Entró, dejando la puerta abierta. Encendí un cigarrillo mientras esperaba. Y no, puedo jurar sobre un montón de biblias que no tenía la menor idea de lo que la vieja loca se traía entre manos. Me daba cuenta de que era una tipa de lo más ruin, pero hasta la fecha no había conocido a muchas personas que no lo fueran. Y pensaba que su comportamiento era propio de una mujer chiflada; a la mayoría de los clientes de los almacenes Pay-E-Zee les faltaba algún tornillo que otro. Quienes tenían dos dedos de frente no entraban en tratos comerciales con una empresa como la nuestra.

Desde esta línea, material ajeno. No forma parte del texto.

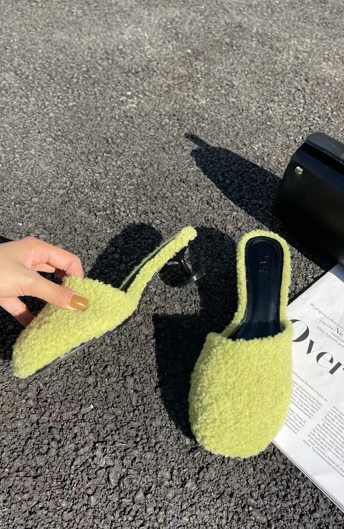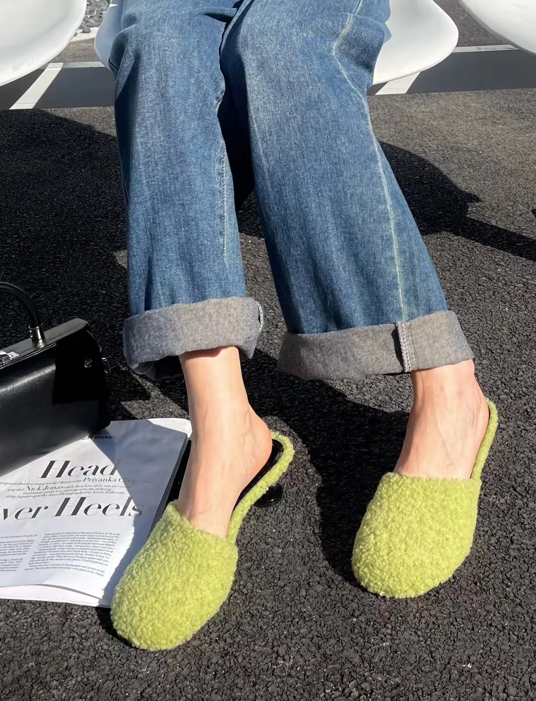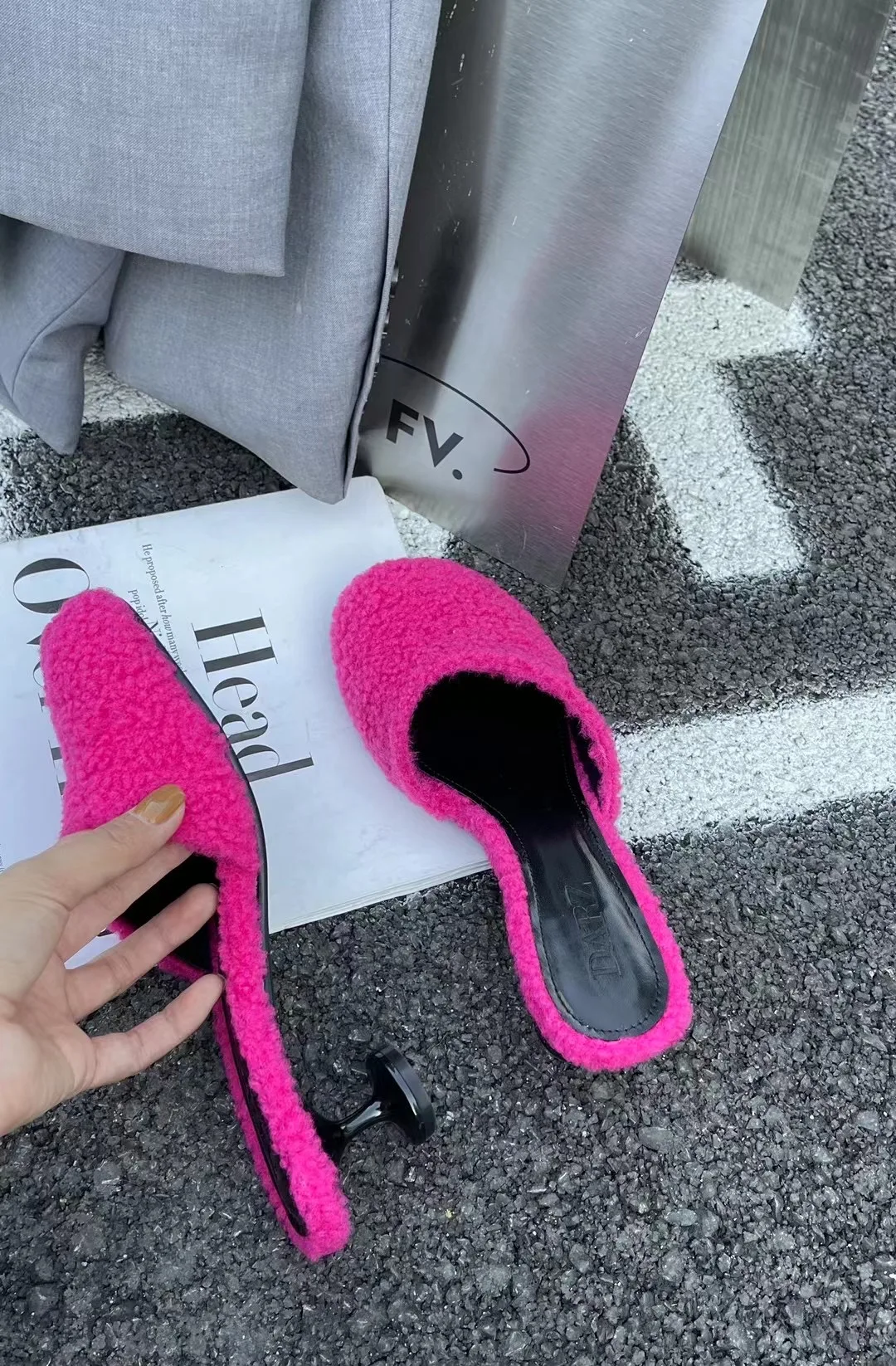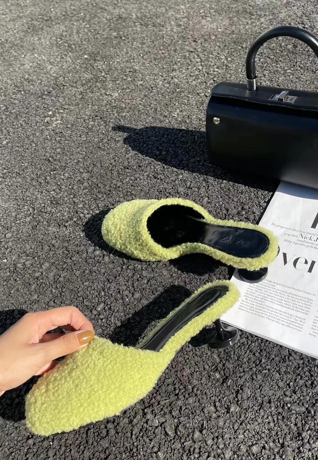 LBSFY - Fur Women Slippers Round Toe Slides Mules Shoes 2024 New Arrivals Thin Mid Heels Black Green Rose Fashion Dress Shoes Woman 39

Seguía a la espera, y me estremecí ligeramente cuando de pronto cayó un nuevo relámpago. Me pregunté cuántos puñeteros días iba a seguir lloviendo de ese modo. Llovía desde hacía casi tres semanas seguidas, y la lluvia me había fastidiado el trabajo a base de bien. Las ventas habían caído en picado, y, de los cobros, mejor ni hablar. Cuando el tiempo es así de lluvioso, resulta sencillamente imposible realizar un buen trabajo puerta a puerta. Resulta imposible conseguir que la gente te abra. Y con una cuenta de clientes como la mía, plagada de trabajadores temporales y demás, tampoco servía de mucho que al final te abrieran la puerta. Los habían puesto a todos de patitas en la calle a causa del mal tiempo. Y ya podías decirles de todo y amenazarles, que no ibas a conseguir que te dieran lo que no tenían.
Me pagaban un salario de cincuenta a la semana, poco más que lo justo para moverme en coche. Mis verdaderas ganancias tenían que proceder de las comisiones, y no me estaba sacando ninguna. Bueno, sí que me estaba sacando algo, claro, pero ni de lejos lo suficiente para salir adelante. Me mantenía a flote manipulando mis cuentas, embolsándome parte de los cobros de las letras y alterando las fichas de las cuentas pendientes a conveniencia. Ahora mismo debía más de trescientos dólares, y si a alguien se le ocurría irse de la lengua antes de que pudiera arreglar el asunto...
Mascullé una imprecación. Tiré el cigarrillo al jardín. Me volví hacia la puerta, y allí estaba ella...: la chica.
Tendría veintipocos años, o eso creo, aunque nunca he sido muy bueno a la hora de adivinar la edad de una mujer. Tenía el pelo espeso, rubio y ondulado, tirando a corto, y sus ojos eran oscuros; quizá no fueran los ojos más grandes que hubiera visto jamás en una chica, pero en aquel rostro blanco y delgado daban la impresión de serlo.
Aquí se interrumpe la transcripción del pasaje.